Provided records: Begin

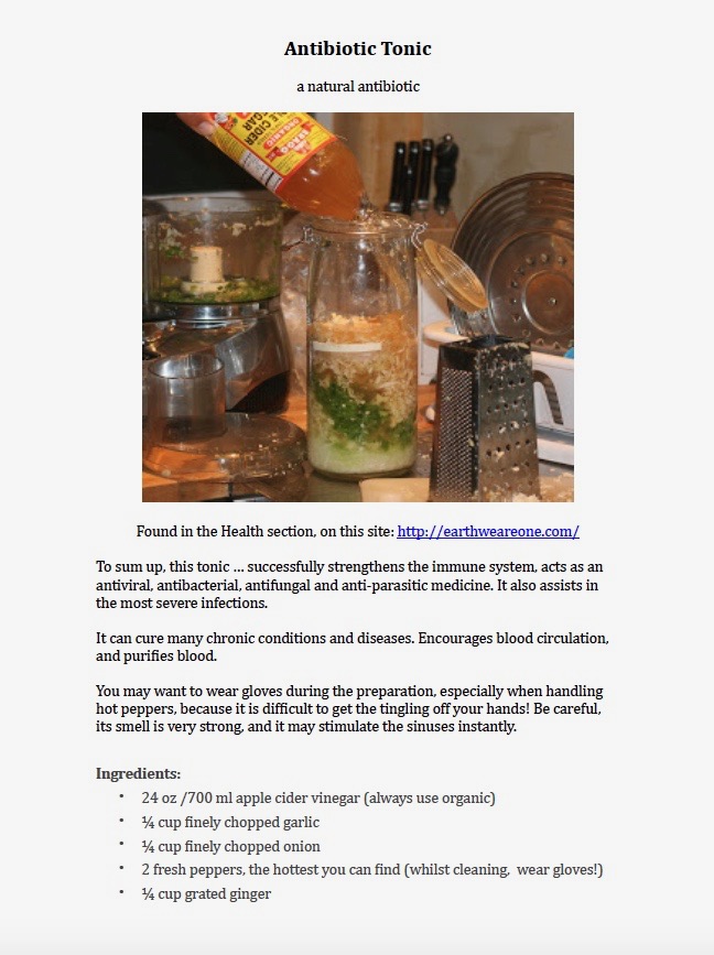 This Antibiotic Tonic is a home remedy for the prevention, suppression and eventual or hopeful cure of colds and flus. This document provides the recipe and some advice on its use as an immune system sustainer and upgrader.
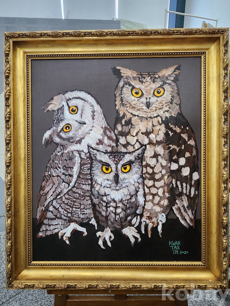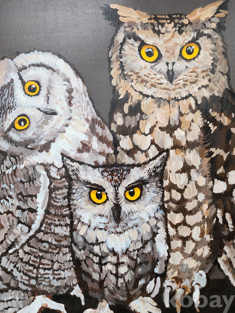검은 배경 위에 세 마리의 부엉이가 밀집된 구도로 배치돼 있으며, 각각 서로 다른 방향의 시선과 자세를 보이고 있다. 반복적인 붓 터치를 통해 깃털의 결이 표현돼 있고, 노란 눈동자가 어두운 화면과 대비를 이루며 화면의 집중도를 높인다. 동일한 소재의 반복 배치를 통해 안정적인 삼각 구도가 형성돼 있으며, 전체적으로 응집력 있는 화면 구성을 보여준다.
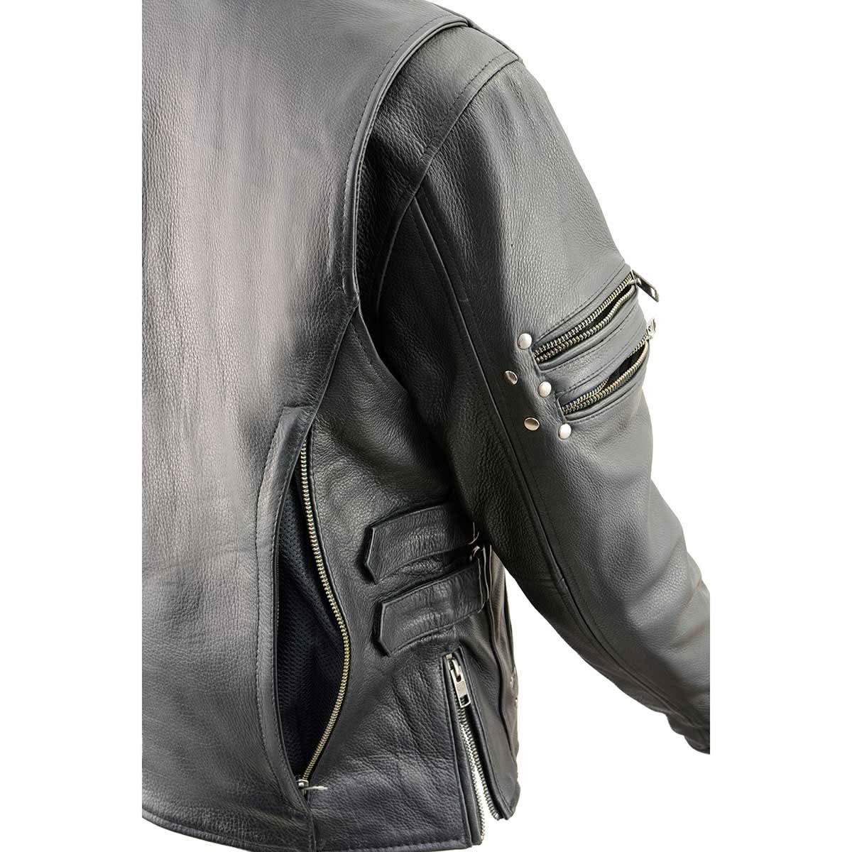 Rock a clean-cut look on crisp, cool days with this genuine leather motorcycle jacket from Milwaukee Leather. With sleek metal hardware and zippered hand pockets, it has a streamlined look that always works. Throw on with leather jeans and boots to finish off the ensemble. Order yours today from LeatherUp, the most popular online motorcycle store.
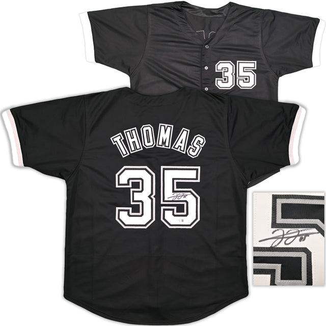 Own a piece of baseball history with this stunning Frank Thomas signed Black Jersey. A must-have for any dedicated fan or memorabilia collector, this custom jersey prominently features sewn-in name and numbers for a high-quality, authentic look. Perfect for display or as a standout addition to your sports collection, this jersey celebrates the legacy of one of baseball’s greatest hitters.
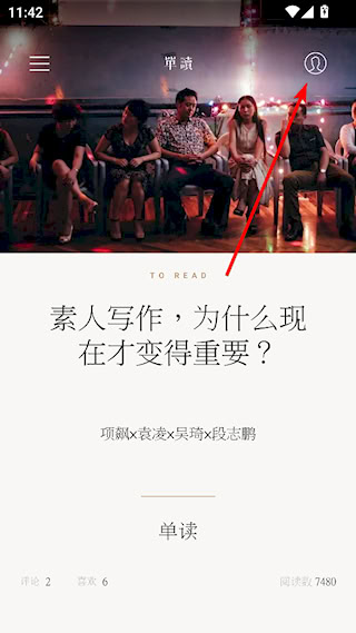1、启动单读应用,在主界面右上方找到个人中心图标并点击进入;
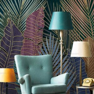 creative high-end golden leaves golden branches and jade leaves sofa background wall wallpaper mural 34181013

Provided records: End

To do: Set down all the data again exactly as above, pictures excluded.

Task result:
 This Antibiotic Tonic is a home remedy for the prevention, suppression and eventual or hopeful cure of colds and flus. This document provides the recipe and some advice on its use as an immune system sustainer and upgrader.
검은 배경 위에 세 마리의 부엉이가 밀집된 구도로 배치돼 있으며, 각각 서로 다른 방향의 시선과 자세를 보이고 있다. 반복적인 붓 터치를 통해 깃털의 결이 표현돼 있고, 노란 눈동자가 어두운 화면과 대비를 이루며 화면의 집중도를 높인다. 동일한 소재의 반복 배치를 통해 안정적인 삼각 구도가 형성돼 있으며, 전체적으로 응집력 있는 화면 구성을 보여준다.
 Rock a clean-cut look on crisp, cool days with this genuine leather motorcycle jacket from Milwaukee Leather. With sleek metal hardware and zippered hand pockets, it has a streamlined look that always works. Throw on with leather jeans and boots to finish off the ensemble. Order yours today from LeatherUp, the most popular online motorcycle store.
 Own a piece of baseball history with this stunning Frank Thomas signed Black Jersey. A must-have for any dedicated fan or memorabilia collector, this custom jersey prominently features sewn-in name and numbers for a high-quality, authentic look. Perfect for display or as a standout addition to your sports collection, this jersey celebrates the legacy of one of baseball’s greatest hitters.
1、启动单读应用,在主界面右上方找到个人中心图标并点击进入;
 creative high-end golden leaves golden branches and jade leaves sofa background wall wallpaper mural 34181013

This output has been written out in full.